Task directions =>
An exact reproduction of all the entries below is required.
[Source material — start]
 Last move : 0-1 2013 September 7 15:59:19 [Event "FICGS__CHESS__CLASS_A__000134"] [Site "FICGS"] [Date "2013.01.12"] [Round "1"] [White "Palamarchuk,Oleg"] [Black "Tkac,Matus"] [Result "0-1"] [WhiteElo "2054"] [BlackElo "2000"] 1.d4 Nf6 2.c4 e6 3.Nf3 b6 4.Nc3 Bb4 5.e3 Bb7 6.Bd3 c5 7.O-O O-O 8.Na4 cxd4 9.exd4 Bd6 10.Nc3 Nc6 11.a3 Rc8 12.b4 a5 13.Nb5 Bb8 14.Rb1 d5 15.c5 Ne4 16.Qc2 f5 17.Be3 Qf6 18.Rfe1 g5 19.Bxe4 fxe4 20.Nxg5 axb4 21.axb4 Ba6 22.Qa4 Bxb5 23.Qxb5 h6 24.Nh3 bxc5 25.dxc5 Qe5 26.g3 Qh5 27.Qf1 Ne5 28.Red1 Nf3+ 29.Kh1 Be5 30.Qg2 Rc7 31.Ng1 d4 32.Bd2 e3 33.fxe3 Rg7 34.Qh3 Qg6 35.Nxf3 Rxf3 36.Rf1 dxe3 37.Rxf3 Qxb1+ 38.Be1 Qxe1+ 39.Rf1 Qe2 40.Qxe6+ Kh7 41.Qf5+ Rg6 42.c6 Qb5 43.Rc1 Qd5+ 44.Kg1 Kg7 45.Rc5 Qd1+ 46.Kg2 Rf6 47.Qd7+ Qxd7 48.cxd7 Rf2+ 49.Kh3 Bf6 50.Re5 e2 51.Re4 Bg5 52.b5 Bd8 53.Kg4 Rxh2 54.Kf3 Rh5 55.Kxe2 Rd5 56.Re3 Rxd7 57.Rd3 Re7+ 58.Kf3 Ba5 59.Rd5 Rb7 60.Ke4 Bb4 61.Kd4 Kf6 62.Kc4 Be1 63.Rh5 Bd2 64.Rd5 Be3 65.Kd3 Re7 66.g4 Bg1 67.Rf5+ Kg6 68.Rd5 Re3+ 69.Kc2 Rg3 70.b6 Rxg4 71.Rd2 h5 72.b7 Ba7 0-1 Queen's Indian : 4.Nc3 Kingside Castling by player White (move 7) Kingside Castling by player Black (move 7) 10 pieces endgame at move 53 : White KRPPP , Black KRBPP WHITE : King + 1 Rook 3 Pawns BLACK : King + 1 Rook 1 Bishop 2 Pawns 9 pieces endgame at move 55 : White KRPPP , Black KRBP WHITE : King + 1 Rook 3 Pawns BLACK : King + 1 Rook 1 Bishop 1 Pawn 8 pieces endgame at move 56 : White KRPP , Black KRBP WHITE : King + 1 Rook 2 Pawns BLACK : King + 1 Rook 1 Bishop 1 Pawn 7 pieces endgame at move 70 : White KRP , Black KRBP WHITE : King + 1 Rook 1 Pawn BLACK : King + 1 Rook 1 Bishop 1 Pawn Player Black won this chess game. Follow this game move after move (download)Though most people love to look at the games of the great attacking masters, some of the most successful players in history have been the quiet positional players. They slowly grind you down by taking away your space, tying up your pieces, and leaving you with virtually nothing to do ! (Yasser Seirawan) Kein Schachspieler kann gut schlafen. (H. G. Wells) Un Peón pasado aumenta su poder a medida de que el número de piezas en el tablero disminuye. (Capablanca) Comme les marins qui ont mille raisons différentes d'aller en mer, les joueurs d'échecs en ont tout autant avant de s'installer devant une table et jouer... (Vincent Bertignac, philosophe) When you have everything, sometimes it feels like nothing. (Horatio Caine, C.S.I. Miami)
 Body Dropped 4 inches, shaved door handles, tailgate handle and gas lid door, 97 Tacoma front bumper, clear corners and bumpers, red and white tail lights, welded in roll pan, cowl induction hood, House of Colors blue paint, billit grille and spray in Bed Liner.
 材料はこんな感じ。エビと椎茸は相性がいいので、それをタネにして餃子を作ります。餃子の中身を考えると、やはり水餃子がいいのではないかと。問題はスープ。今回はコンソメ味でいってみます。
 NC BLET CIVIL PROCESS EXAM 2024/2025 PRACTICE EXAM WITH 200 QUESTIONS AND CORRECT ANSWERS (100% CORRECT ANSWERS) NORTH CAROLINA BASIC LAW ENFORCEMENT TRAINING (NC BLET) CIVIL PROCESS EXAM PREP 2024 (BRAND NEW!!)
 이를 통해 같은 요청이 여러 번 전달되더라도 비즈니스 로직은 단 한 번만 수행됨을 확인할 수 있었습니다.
[Source material — finish]
Exercise answer =>
 Last move : 0-1 2013 September 7 15:59:19 [Event "FICGS__CHESS__CLASS_A__000134"] [Site "FICGS"] [Date "2013.01.12"] [Round "1"] [White "Palamarchuk,Oleg"] [Black "Tkac,Matus"] [Result "0-1"] [WhiteElo "2054"] [BlackElo "2000"] 1.d4 Nf6 2.c4 e6 3.Nf3 b6 4.Nc3 Bb4 5.e3 Bb7 6.Bd3 c5 7.O-O O-O 8.Na4 cxd4 9.exd4 Bd6 10.Nc3 Nc6 11.a3 Rc8 12.b4 a5 13.Nb5 Bb8 14.Rb1 d5 15.c5 Ne4 16.Qc2 f5 17.Be3 Qf6 18.Rfe1 g5 19.Bxe4 fxe4 20.Nxg5 axb4 21.axb4 Ba6 22.Qa4 Bxb5 23.Qxb5 h6 24.Nh3 bxc5 25.dxc5 Qe5 26.g3 Qh5 27.Qf1 Ne5 28.Red1 Nf3+ 29.Kh1 Be5 30.Qg2 Rc7 31.Ng1 d4 32.Bd2 e3 33.fxe3 Rg7 34.Qh3 Qg6 35.Nxf3 Rxf3 36.Rf1 dxe3 37.Rxf3 Qxb1+ 38.Be1 Qxe1+ 39.Rf1 Qe2 40.Qxe6+ Kh7 41.Qf5+ Rg6 42.c6 Qb5 43.Rc1 Qd5+ 44.Kg1 Kg7 45.Rc5 Qd1+ 46.Kg2 Rf6 47.Qd7+ Qxd7 48.cxd7 Rf2+ 49.Kh3 Bf6 50.Re5 e2 51.Re4 Bg5 52.b5 Bd8 53.Kg4 Rxh2 54.Kf3 Rh5 55.Kxe2 Rd5 56.Re3 Rxd7 57.Rd3 Re7+ 58.Kf3 Ba5 59.Rd5 Rb7 60.Ke4 Bb4 61.Kd4 Kf6 62.Kc4 Be1 63.Rh5 Bd2 64.Rd5 Be3 65.Kd3 Re7 66.g4 Bg1 67.Rf5+ Kg6 68.Rd5 Re3+ 69.Kc2 Rg3 70.b6 Rxg4 71.Rd2 h5 72.b7 Ba7 0-1 Queen's Indian : 4.Nc3 Kingside Castling by player White (move 7) Kingside Castling by player Black (move 7) 10 pieces endgame at move 53 : White KRPPP , Black KRBPP WHITE : King + 1 Rook 3 Pawns BLACK : King + 1 Rook 1 Bishop 2 Pawns 9 pieces endgame at move 55 : White KRPPP , Black KRBP WHITE : King + 1 Rook 3 Pawns BLACK : King + 1 Rook 1 Bishop 1 Pawn 8 pieces endgame at move 56 : White KRPP , Black KRBP WHITE : King + 1 Rook 2 Pawns BLACK : King + 1 Rook 1 Bishop 1 Pawn 7 pieces endgame at move 70 : White KRP , Black KRBP WHITE : King + 1 Rook 1 Pawn BLACK : King + 1 Rook 1 Bishop 1 Pawn Player Black won this chess game. Follow this game move after move (download)Though most people love to look at the games of the great attacking masters, some of the most successful players in history have been the quiet positional players. They slowly grind you down by taking away your space, tying up your pieces, and leaving you with virtually nothing to do ! (Yasser Seirawan) Kein Schachspieler kann gut schlafen. (H. G. Wells) Un Peón pasado aumenta su poder a medida de que el número de piezas en el tablero disminuye. (Capablanca) Comme les marins qui ont mille raisons différentes d'aller en mer, les joueurs d'échecs en ont tout autant avant de s'installer devant une table et jouer... (Vincent Bertignac, philosophe) When you have everything, sometimes it feels like nothing. (Horatio Caine, C.S.I. Miami)
 Body Dropped 4 inches, shaved door handles, tailgate handle and gas lid door, 97 Tacoma front bumper, clear corners and bumpers, red and white tail lights, welded in roll pan, cowl induction hood, House of Colors blue paint, billit grille and spray in Bed Liner.
 材料はこんな感じ。エビと椎茸は相性がいいので、それをタネにして餃子を作ります。餃子の中身を考えると、やはり水餃子がいいのではないかと。問題はスープ。今回はコンソメ味でいってみます。
 NC BLET CIVIL PROCESS EXAM 2024/2025 PRACTICE EXAM WITH 200 QUESTIONS AND CORRECT ANSWERS (100% CORRECT ANSWERS) NORTH CAROLINA BASIC LAW ENFORCEMENT TRAINING (NC BLET) CIVIL PROCESS EXAM PREP 2024 (BRAND NEW!!)
 이를 통해 같은 요청이 여러 번 전달되더라도 비즈니스 로직은 단 한 번만 수행됨을 확인할 수 있었습니다.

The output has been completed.